A major row broke out between Universal, the world’s largest music company, and Spotify, the leading streaming service, earlier this year after Taylor Swift removed her albums from Spotify, arguing that its free service was undervaluing her music.
Universal, which was gearing up for negotiations to renew its song licensing deal with Spotify, joined the anti-“freemium” chorus to get Spotify to change its free service and encourage more users to opt for its paid-for premium service.
But after months of sounding off on each other, Grainge struck a more diplomatic note on the complex topic of how much music should be available for free versus paid services.
“We must seek the proper balance between ad-supported and paid subscription.

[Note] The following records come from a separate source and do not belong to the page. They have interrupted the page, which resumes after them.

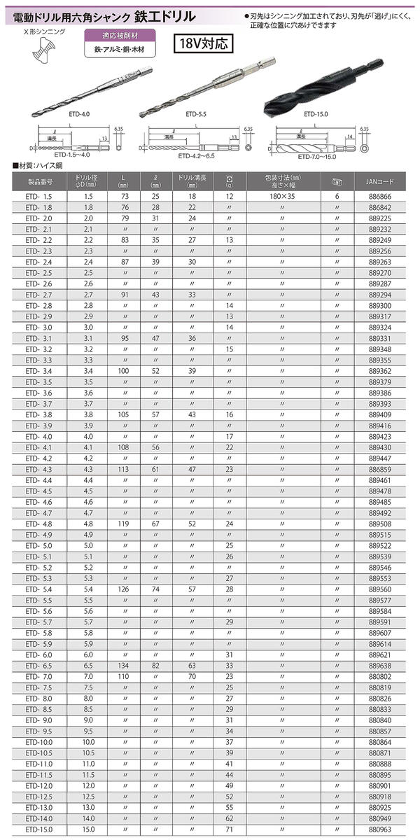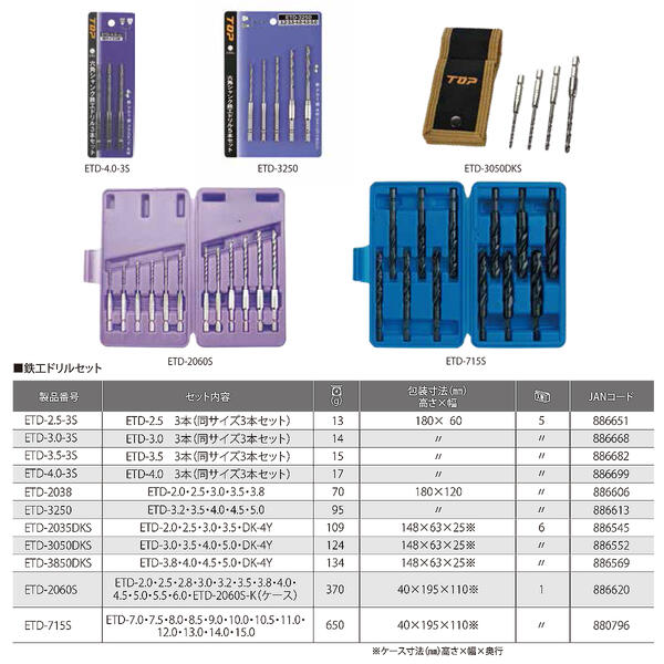サイズバリエーション【鉄工ドリルセット】2.5mmX3本 (ETD-2.5-3S)3.0mmX3本 (ETD-3.0-3S)3.5mmX3本 (ETD-3.5-3S)4.0mmX3本 (ETD-4.0-3S)2.0mm~3.8mm 5本セット (ETD-2038)3.2mm~5.0mm 5本セット (ETD-3250) 2.0mm~6.0mm 12本セット (ETD-2060S) 7.0mm~15.0mm 12本セット (ETD-715S) 【六角シャンクドリル用ケース付セット】2.0mm~3.5mm 4本セット (ETD-2035DKS)3.0mm~5.0mm 4本セット (ETD-3050DKS)3.8mm~5.0mm 4本セット (ETD-3850DKS)六角シャンクドリルバリエーション鉄工ドリル (1.5mm~15.0mm)鉄工ロングドリル (1.5mm~6.5mm)鉄工ドリルセット薄板ドリル (2.0mm~10.0mm)コンクリートドリル (2.5mm~6.5mm)コンクリートロングドリル (3.4mm~6.5mm)コンクリートドリルセット コバルトドリル (2.0mm~13.0mm)テーパー下穴錐 (2.0mm~6.0mm)六角シャンクドリル用ケース (DK-4Y) ※各サイズはリンク先のページ内でご確認下さい。
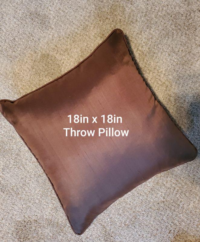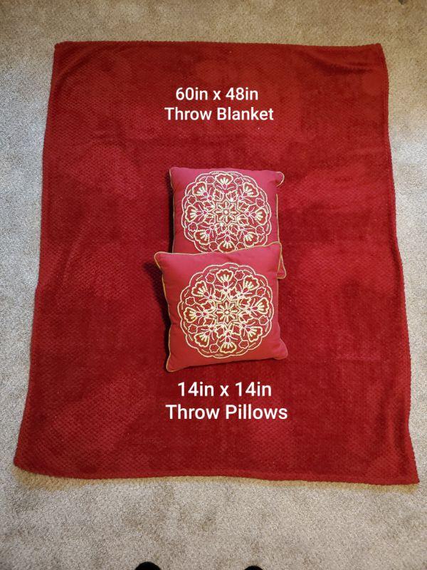 2 decorative throw pillows and one brown with throw blanket to match. Measurements on pictures.
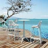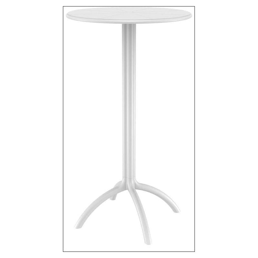 Octopus resin outdoor bar table with 24 inch round top. Made of high quality polypropylene. Extremely durable for outdoor environments. Octopus table is perfect for pool, beach and heavy use areas. Resistant to suntan oils, chlorine and saltwater. UV protected. Can be disassembled. For indoor and outdoor use.

It’s not one or the other,” Grainge said in a wide ranging interview this week with music blog Hits.com.
“With the two approaches in proper relationship, we can continue the level of investment we make in artists who then, in turn, can be fairly compensated for their work,” he added.

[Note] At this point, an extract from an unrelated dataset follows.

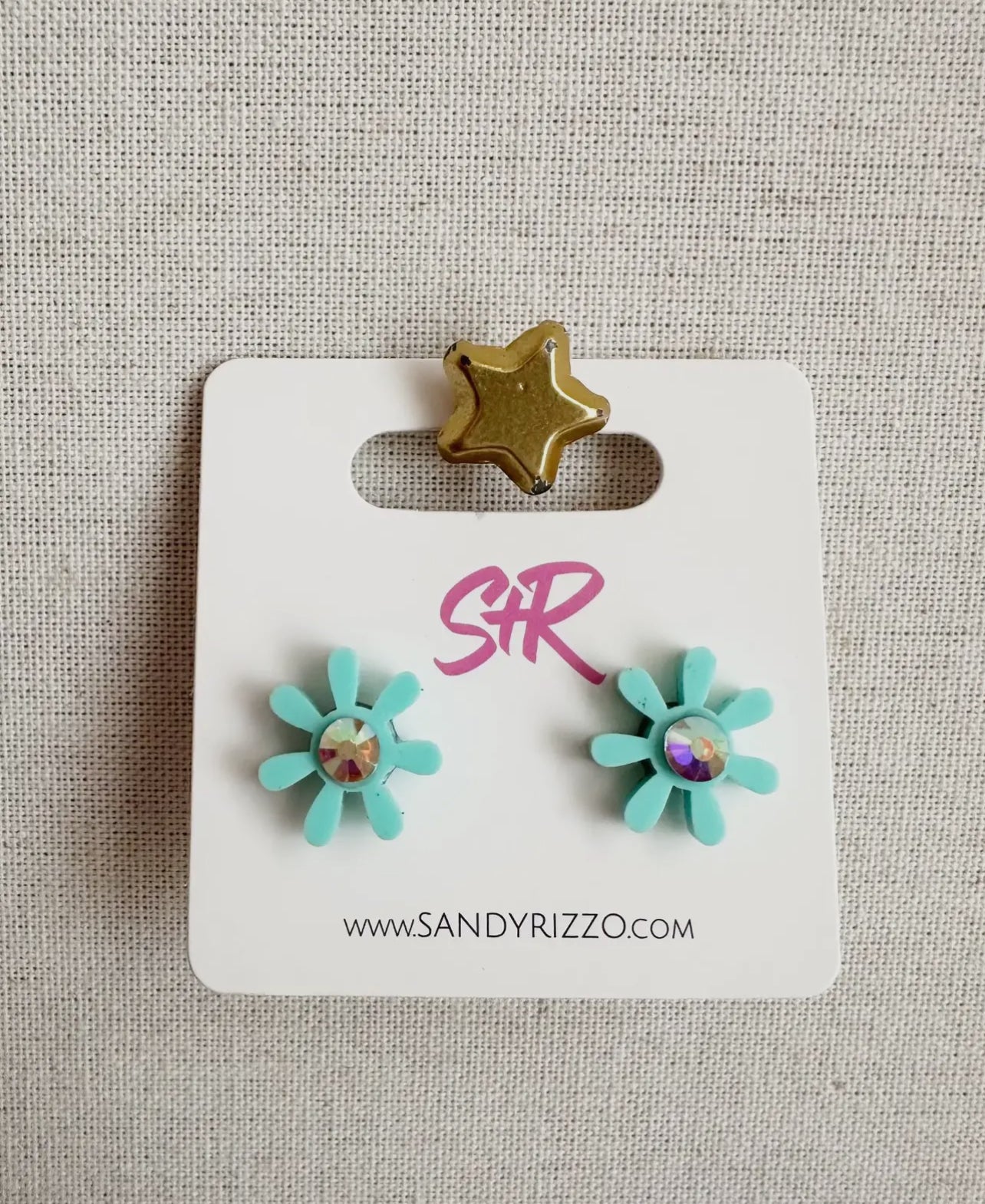 The cutest layered flower stud with a matte turquoise flower topped with an iridescent flower center.  Perfect for you or your little gal!

Just minutes after the interview posted on Thursday, Spotify’s top communications boss, Jonathan Prince, a former aide to President Obama, tweeted a link to the piece, adding: “Good reading here, smart comments on streaming — agree.”
The new conciliatory tone from both sides surprised industry watchers after months of both parties unleashing a volley of attacks.
Grainge, who recently re-upped his contract with Universal for another five years, has had plenty to say about the poor economics of ad-supported free music.
Speaking at a Re/code event in March, Grainge responded to a question about YouTube by saying, “Ad-funded isn’t a sustainable business model for them or us.”
Universal also parted ways with one of its top digital executives, Rob Wells, who had been a strong supporter of a free model.
Many in the music industry have reservations about the proliferation of free music as digital song downloads decline. Global downloads dropped 8 percent in 2014, according to global industry group IFPI.
Swift fueled the debate after she yanked her catalog from Spotify because it wouldn’t allow her to put her new album exclusively on its paid tier.
In response, Spotify unleashed its own broadside, hiring lobby groups and stoking regulatory concerns over possible antitrust violations.
Sources say Ek and Grainge were spotted exchanging words at this year’s Google Camp, held at the Valley of the Temples in Sicily.
It is not clear if they got down to any business.
Now the two look like they’re laying the ground work for a fresh round of talks that could lead to a new agreement. Spotify’s current extension is said to expire in the fall.